Information provided: Begin

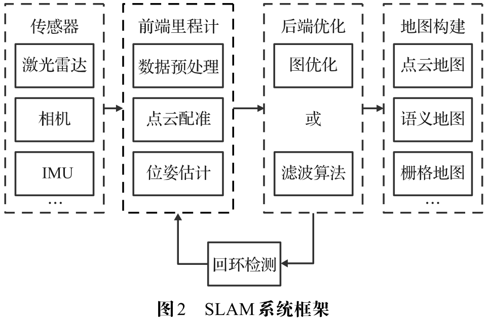 传感器数据采集处理、前端里程计、后端优化、回环检测和地图构建。<div align=center><img src="https://oss.guyuehome.com/Uploads/Editor/202405/20240517_37337.png" width = 40% height = 30%> </div>
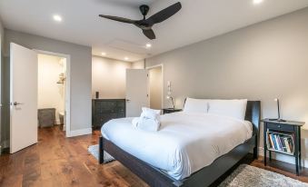 When you are ready to settle in for the night, you will find the home’s two bedrooms located on the upper level. The separation of space between the sleeping area and common space makes for a quiet environment for everyone in your group to get a good night's sleep! The first bedroom boasts a queen-size bed with a full-size dresser and a spacious walk-in closet, providing ample space to store your belongings during your stay. This room is fully equipped with everything you need for a comfortable stay including smart blinds that automatically close for evening privacy and open with the morning sun, a smart fan, and a wireless speaker. South facing windows line the wall of the bedroom, framing a lovely view of quaking aspens that can be enjoyed from the comfort of bed. The second bedroom is great for those needing to keep up with remote work as the room features an adjustable desk, an office chair, a printer, ethernet, and a computer monitor. At nighttime a twin-size bed awaits you, with a closet, smart blinds, and a wireless speaker adding to the comfort of this dynamic room. Conveniently located near the two bedrooms is a full bathroom. This luxurious space features a floating single-sink vanity with a smart mirror above, radiant floors, a heated bidet, and a spacious walk-in shower with a glass wall.
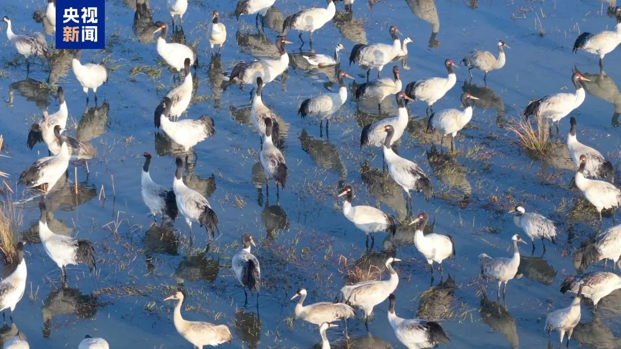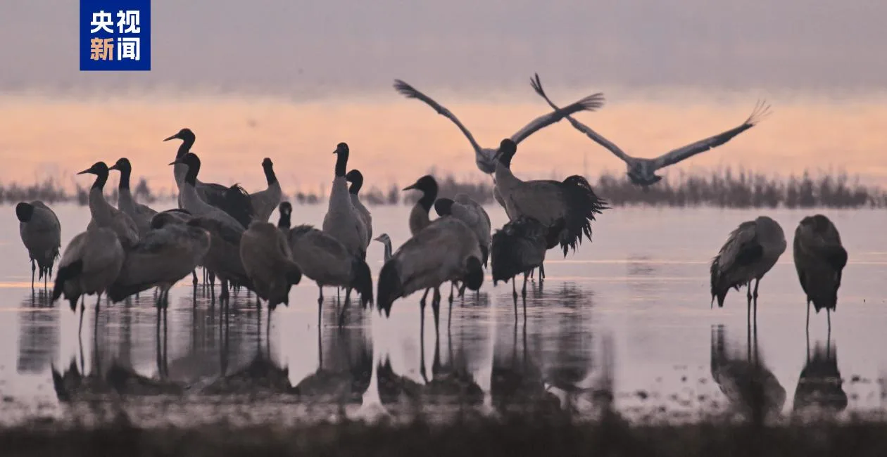 贵州草海成“越冬家园” 来看“高原精灵”在湿地“起舞”
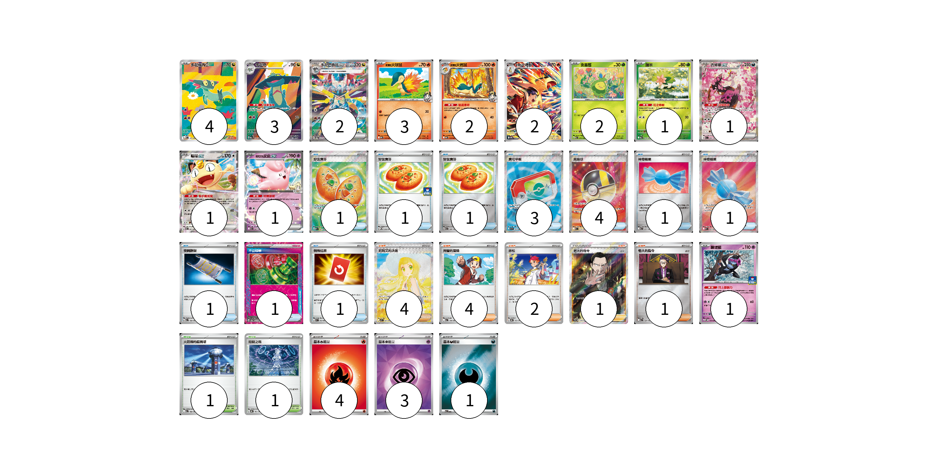 牌組構築方案 以此牌組為基礎新構築牌組 顯示卡面 顯示列表 寶可夢卡(23) 4 3 2 3 2 2 2 1 1 1 1 1 物品卡(15) 1 1 1 3 4 1 1 1 1 1 支援者卡(12) 4 4 2 1 1 競技場卡(2) 1 1 能量卡(8) 4 3 1 寶可夢卡(23) 卡牌名稱 張數 卡牌名稱 張數 多龍梅西亞 M2a 211/193 04 多龍奇 M2a 212/193 03 多龍巴魯托ex SV8a 221/187 02 <阿響的>火球鼠 SV9a 015/063 03 <阿響的>火岩鼠 SV9a 016/063 02 <阿響的>火爆獸 SV9a 070/063 02 含羞苞 M2a 011/193 02 謝米 M2a 012/193 01 吉雉雞ex M2a 244/193 01 喵喵ex M3 061/080 01 <莉莉艾的>皮皮ex MC 287/742 01 願增猿 M-P 014/M-P 01 物品卡(15) 卡牌名稱 張數 卡牌名稱 張數 好友寶芬 M1S 081/063 01 好友寶芬 SV-P 212/SV-P 01 好友寶芬 MC 648/742 01 寶可平板 M3 103/080 03 高級球 M2a 216/193 04 神奇糖果 MC 655/742 01 神奇糖果 M1S 082/063 01 夜間擔架 M2a 159/193 01 不公印章 SV5a 053/066 01 特殊紅牌 M4 072/083 01 支援者卡(12) 卡牌名稱 張數 卡牌名稱 張數 莉莉艾的決意 M1L 091/063 04 阿響的冒險 M2a 174/193 04 赤松 SV8a 163/187 02 老大的指令(坂木) SC1b 170/153 01 老大的指令 MC 724/742 01 競技場卡(2) 卡牌名稱 張數 卡牌名稱 張數 火箭隊的監視塔 M2a 189/193 01 阻礙之塔 SV8a 181/187 01 能量卡(8) 卡牌名稱 張數 卡牌名稱 張數 基本【火】能量 MC FIR 04 基本【超】能量 SVOD PSY 03 基本【惡】能量 MC DAR 01 以此牌組為基礎新構築牌組 牌組編碼 dDtGKJ-iVjBFf-mcsvPV copy 列印牌組單 牌組編碼已複製 分享至SNS

Information provided: End

Goal of the exercise: Please write out every line of the listing above exactly, and leave the images behind.

Response box:
 传感器数据采集处理、前端里程计、后端优化、回环检测和地图构建。<div align=center><img src="https://oss.guyuehome.com/Uploads/Editor/202405/20240517_37337.png" width = 40% height = 30%> </div>
 When you are ready to settle in for the night, you will find the home’s two bedrooms located on the upper level. The separation of space between the sleeping area and common space makes for a quiet environment for everyone in your group to get a good night's sleep! The first bedroom boasts a queen-size bed with a full-size dresser and a spacious walk-in closet, providing ample space to store your belongings during your stay. This room is fully equipped with everything you need for a comfortable stay including smart blinds that automatically close for evening privacy and open with the morning sun, a smart fan, and a wireless speaker. South facing windows line the wall of the bedroom, framing a lovely view of quaking aspens that can be enjoyed from the comfort of bed. The second bedroom is great for those needing to keep up with remote work as the room features an adjustable desk, an office chair, a printer, ethernet, and a computer monitor. At nighttime a twin-size bed awaits you, with a closet, smart blinds, and a wireless speaker adding to the comfort of this dynamic room. Conveniently located near the two bedrooms is a full bathroom. This luxurious space features a floating single-sink vanity with a smart mirror above, radiant floors, a heated bidet, and a spacious walk-in shower with a glass wall.
 贵州草海成“越冬家园” 来看“高原精灵”在湿地“起舞”
 牌組構築方案 以此牌組為基礎新構築牌組 顯示卡面 顯示列表 寶可夢卡(23) 4 3 2 3 2 2 2 1 1 1 1 1 物品卡(15) 1 1 1 3 4 1 1 1 1 1 支援者卡(12) 4 4 2 1 1 競技場卡(2) 1 1 能量卡(8) 4 3 1 寶可夢卡(23) 卡牌名稱 張數 卡牌名稱 張數 多龍梅西亞 M2a 211/193 04 多龍奇 M2a 212/193 03 多龍巴魯托ex SV8a 221/187 02 <阿響的>火球鼠 SV9a 015/063 03 <阿響的>火岩鼠 SV9a 016/063 02 <阿響的>火爆獸 SV9a 070/063 02 含羞苞 M2a 011/193 02 謝米 M2a 012/193 01 吉雉雞ex M2a 244/193 01 喵喵ex M3 061/080 01 <莉莉艾的>皮皮ex MC 287/742 01 願增猿 M-P 014/M-P 01 物品卡(15) 卡牌名稱 張數 卡牌名稱 張數 好友寶芬 M1S 081/063 01 好友寶芬 SV-P 212/SV-P 01 好友寶芬 MC 648/742 01 寶可平板 M3 103/080 03 高級球 M2a 216/193 04 神奇糖果 MC 655/742 01 神奇糖果 M1S 082/063 01 夜間擔架 M2a 159/193 01 不公印章 SV5a 053/066 01 特殊紅牌 M4 072/083 01 支援者卡(12) 卡牌名稱 張數 卡牌名稱 張數 莉莉艾的決意 M1L 091/063 04 阿響的冒險 M2a 174/193 04 赤松 SV8a 163/187 02 老大的指令(坂木) SC1b 170/153 01 老大的指令 MC 724/742 01 競技場卡(2) 卡牌名稱 張數 卡牌名稱 張數 火箭隊的監視塔 M2a 189/193 01 阻礙之塔 SV8a 181/187 01 能量卡(8) 卡牌名稱 張數 卡牌名稱 張數 基本【火】能量 MC FIR 04 基本【超】能量 SVOD PSY 03 基本【惡】能量 MC DAR 01 以此牌組為基礎新構築牌組 牌組編碼 dDtGKJ-iVjBFf-mcsvPV copy 列印牌組單 牌組編碼已複製 分享至SNS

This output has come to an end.